EXERCISE PROMPT
Give all of the data below again exactly, and drop the images.

SOURCE DATA
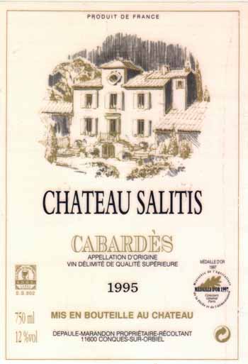 - Le Cabardes est une region de transition et d'harmonie a la croisee des suds, entre la douceur atlant que et la volence mediterraneenne, en vue de la Cite de Carcassonne, sur les douces pentes sud de la Montagne Noire. Le Chateau SALITIS s'etend sur 100 hectares. Les vignes sont plantees sur un sol de roches broyees qui exalte la concentration aromatique. 50% de cepages mediterraneens (Syrah et Grenache) et 50% de cepages atlantiques (Merlot et Cabernet-Sauvignon) donnent a ce vin son nez depices puissant et elegant, sa bouche de fruits rouges et reglissee, ses tanins harmonieux et riches. A consommer a 18℃ sur charcuteries, viandes grillees ou en sauce et fromages.
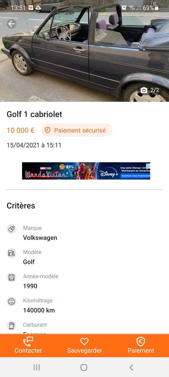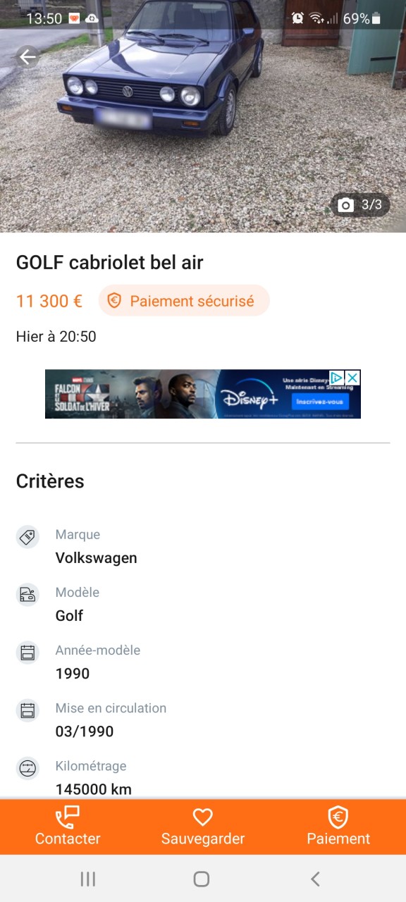 - Voiture : Golf 1 cabriolet
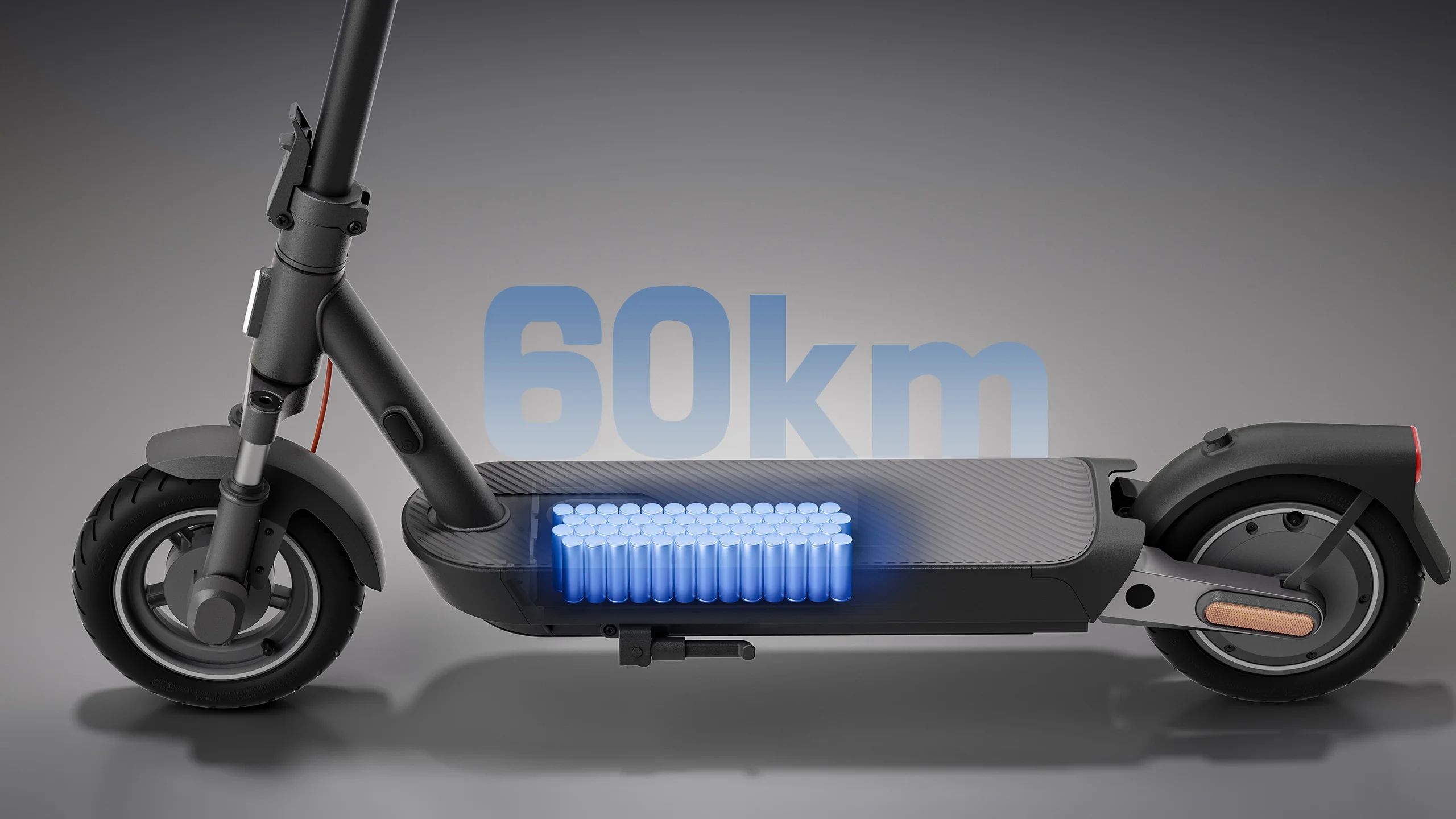 | Особенности | 3 скоростных режима, cистема рекуперации кинетической энергии, бесщеточный двигатель, влагозащита IPX5, задний стоп-сигнал, система интеллектуального управления BMS, указатель поворота, функция автоматического включения фары и заднего фонаря, передний и задний амортизаторы |

EXERCISE RESULT
 - Le Cabardes est une region de transition et d'harmonie a la croisee des suds, entre la douceur atlant que et la volence mediterraneenne, en vue de la Cite de Carcassonne, sur les douces pentes sud de la Montagne Noire. Le Chateau SALITIS s'etend sur 100 hectares. Les vignes sont plantees sur un sol de roches broyees qui exalte la concentration aromatique. 50% de cepages mediterraneens (Syrah et Grenache) et 50% de cepages atlantiques (Merlot et Cabernet-Sauvignon) donnent a ce vin son nez depices puissant et elegant, sa bouche de fruits rouges et reglissee, ses tanins harmonieux et riches. A consommer a 18℃ sur charcuteries, viandes grillees ou en sauce et fromages.
 - Voiture : Golf 1 cabriolet
 | Особенности | 3 скоростных режима, cистема рекуперации кинетической энергии, бесщеточный двигатель, влагозащита IPX5, задний стоп-сигнал, система интеллектуального управления BMS, указатель поворота, функция автоматического включения фары и заднего фонаря, передний и задний амортизаторы |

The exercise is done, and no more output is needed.